Assignment >> An exact copy is needed of the lines in the entries below from the line with "dark cocoa powder." up to and including the line with "This bingo card", and of nothing else. Leave the pictures out.

Source data >>
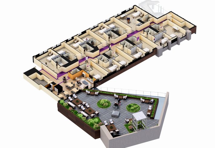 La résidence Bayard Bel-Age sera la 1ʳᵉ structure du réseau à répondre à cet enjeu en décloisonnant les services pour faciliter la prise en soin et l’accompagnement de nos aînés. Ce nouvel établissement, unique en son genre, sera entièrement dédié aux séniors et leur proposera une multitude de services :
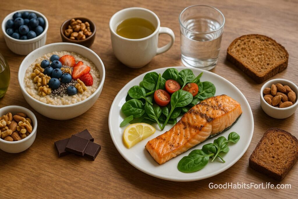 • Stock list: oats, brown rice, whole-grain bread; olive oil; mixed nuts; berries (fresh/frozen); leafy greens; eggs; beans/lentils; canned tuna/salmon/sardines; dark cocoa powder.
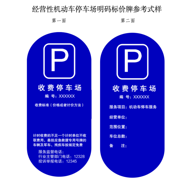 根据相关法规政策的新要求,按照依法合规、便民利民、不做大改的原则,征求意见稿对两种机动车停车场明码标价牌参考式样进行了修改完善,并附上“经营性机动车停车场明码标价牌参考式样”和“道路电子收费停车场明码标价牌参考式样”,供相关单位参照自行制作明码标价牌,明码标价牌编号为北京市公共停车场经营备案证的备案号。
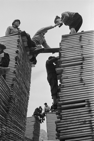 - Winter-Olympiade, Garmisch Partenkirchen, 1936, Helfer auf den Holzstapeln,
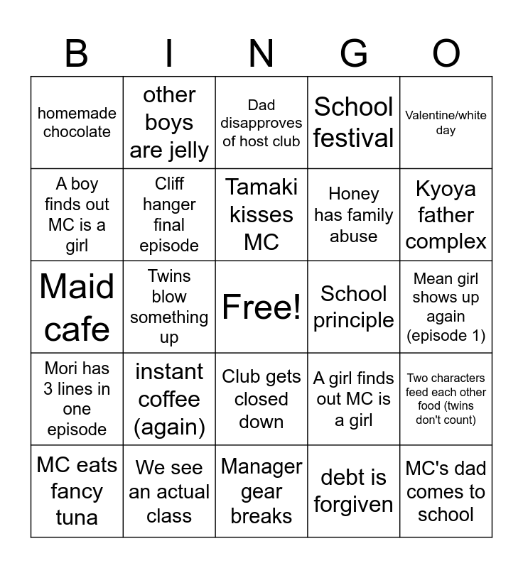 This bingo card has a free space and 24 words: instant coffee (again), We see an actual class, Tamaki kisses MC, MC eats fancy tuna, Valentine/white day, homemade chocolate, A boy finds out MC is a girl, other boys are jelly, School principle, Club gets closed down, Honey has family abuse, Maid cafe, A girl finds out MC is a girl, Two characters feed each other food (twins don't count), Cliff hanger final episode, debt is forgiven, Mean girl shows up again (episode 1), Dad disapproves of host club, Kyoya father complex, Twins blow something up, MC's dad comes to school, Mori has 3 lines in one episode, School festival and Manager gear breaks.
==
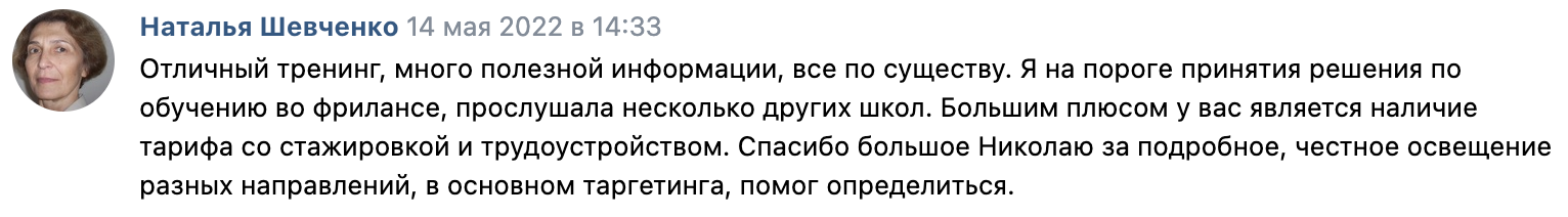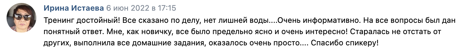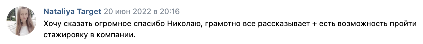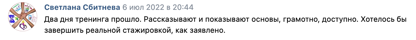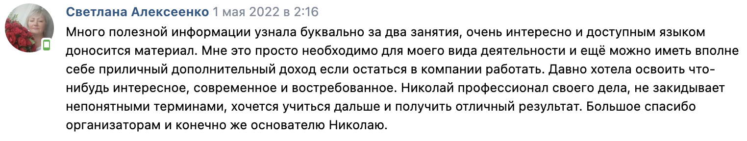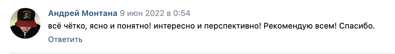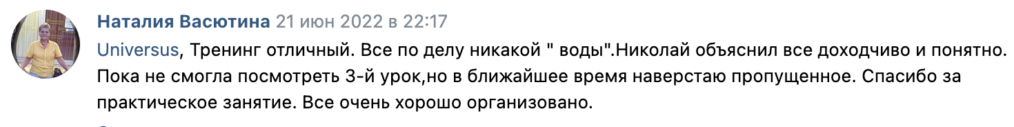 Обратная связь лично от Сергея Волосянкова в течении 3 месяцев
* * *
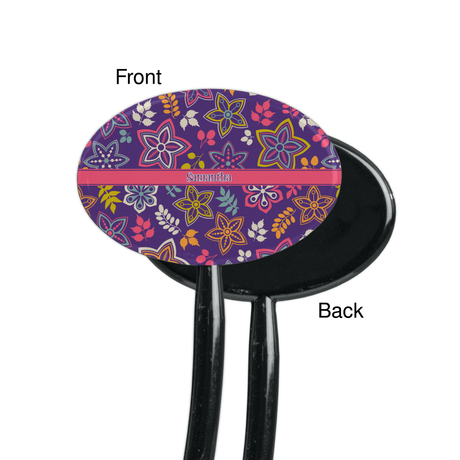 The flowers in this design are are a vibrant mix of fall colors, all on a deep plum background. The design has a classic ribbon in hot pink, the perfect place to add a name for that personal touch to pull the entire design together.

Solution to the exercise >>
 • Stock list: oats, brown rice, whole-grain bread; olive oil; mixed nuts; berries (fresh/frozen); leafy greens; eggs; beans/lentils; canned tuna/salmon/sardines; dark cocoa powder.
 根据相关法规政策的新要求,按照依法合规、便民利民、不做大改的原则,征求意见稿对两种机动车停车场明码标价牌参考式样进行了修改完善,并附上“经营性机动车停车场明码标价牌参考式样”和“道路电子收费停车场明码标价牌参考式样”,供相关单位参照自行制作明码标价牌,明码标价牌编号为北京市公共停车场经营备案证的备案号。
 - Winter-Olympiade, Garmisch Partenkirchen, 1936, Helfer auf den Holzstapeln,
 This bingo card has a free space and 24 words: instant coffee (again), We see an actual class, Tamaki kisses MC, MC eats fancy tuna, Valentine/white day, homemade chocolate, A boy finds out MC is a girl, other boys are jelly, School principle, Club gets closed down, Honey has family abuse, Maid cafe, A girl finds out MC is a girl, Two characters feed each other food (twins don't count), Cliff hanger final episode, debt is forgiven, Mean girl shows up again (episode 1), Dad disapproves of host club, Kyoya father complex, Twins blow something up, MC's dad comes to school, Mori has 3 lines in one episode, School festival and Manager gear breaks.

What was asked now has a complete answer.